Best energy sources

The most important consideration is whether the energy is readily available or needs to be released from a stored state.

The first problem with stored energy is that upon release, it adds energy to the environment, which, in the context of trying to reduce global temperatures, is counter-productive. Typical stored sources used to produce power are fossil fuels and nuclear. Heavy reliance upon these just adds substantial heat to the atmosphere.

Of course, these stored energy sources have another downside in that they are polluting, with fossil fuels contributing to carbon dioxide buildup, leading to further warming, and nuclear leaving highly dangerous radioactive products that we still don't know how to neutralise, thus dumping the problem on future generations.

Already released sources are sunlight, wind and water. The clear advantage of them is that the earth's ecosystems have already adapted to them, and importantly that adaptation has enabled us to exist and to thrive.

The closeness of the usage of the energy to its source is also important, as there can be adverse effects depending upon the source.

The main factor favouring local sources is the much lower infrastructure requirements and thus its cost savings for society. The general downside of having distance is that the energy released at the high-intensity generation locale is dumped into the atmosphere at the usage locale, which can create temperature-related effects upon the atmosphere there, such as temperature-inversion in Melbourne, Australia. Also, mass generation sites tend to be rather unsightly, and so typically need to be positioned well away from where people live.

Obviously, polluting sources are best situated far from where they are used by people. Unfortunately, that requires transmission of the power, incurring increasing losses and risk of line failure the further the distance.

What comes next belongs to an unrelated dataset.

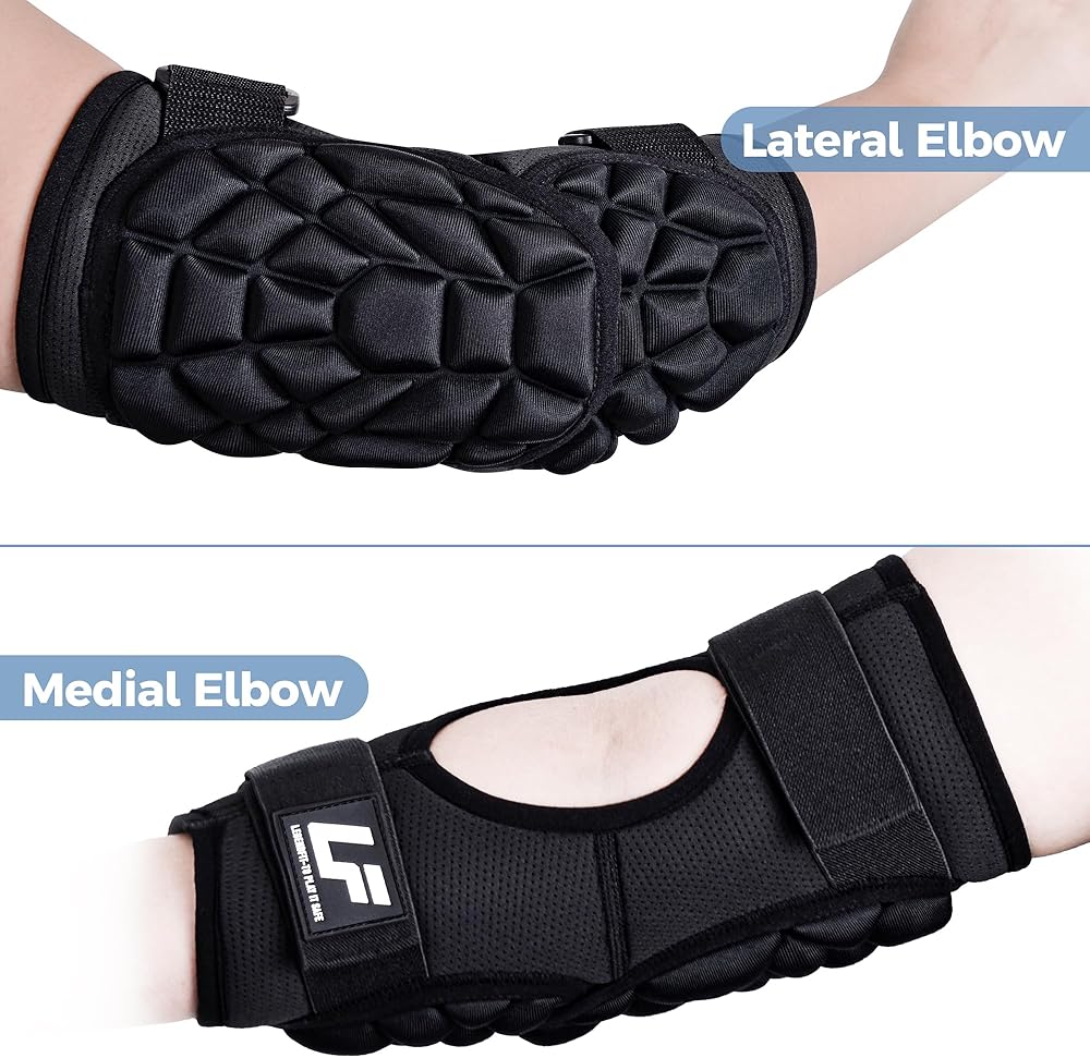 نسيج قابل للتنفس والغسيل: 90% SBR + 10% نايلون - واقيات الكوع الخاصة ببطارية LEGENDFIT مصنوعة من نسيج مسامي ومثقوب يعزز الراحة العامة والمرونة لحاميات الذراع. يستخدم هذا المنتج تقنية حشو EVA التي تحافظ على دعم الوسادات حتى بعد غسلها في الغسالة.

Conversely, local generation and usage can bring better coupling between them, minimised losses, and constraint of failure risks to its few users.

The other advantage of local generation is that the local ecosystem is less likely to be adversly affected. For example, sunlight normally falls on the ground, heating it up during the day, and releasing into the evening. With solar panels, the panels capture the energy instead, and coupled with storage, like batteries, heatbanks or water towers, is released for usage into the evening. Both scenarios have the same local absoption and release scenario, resulting in minimal effect upon the local environment.

To be really effective, energy generation needs to be coupled to some form of storage, as that allows autonomous operation, and minimises system size as peaks can be supplied from storage, rather than building to handle maximum peaks.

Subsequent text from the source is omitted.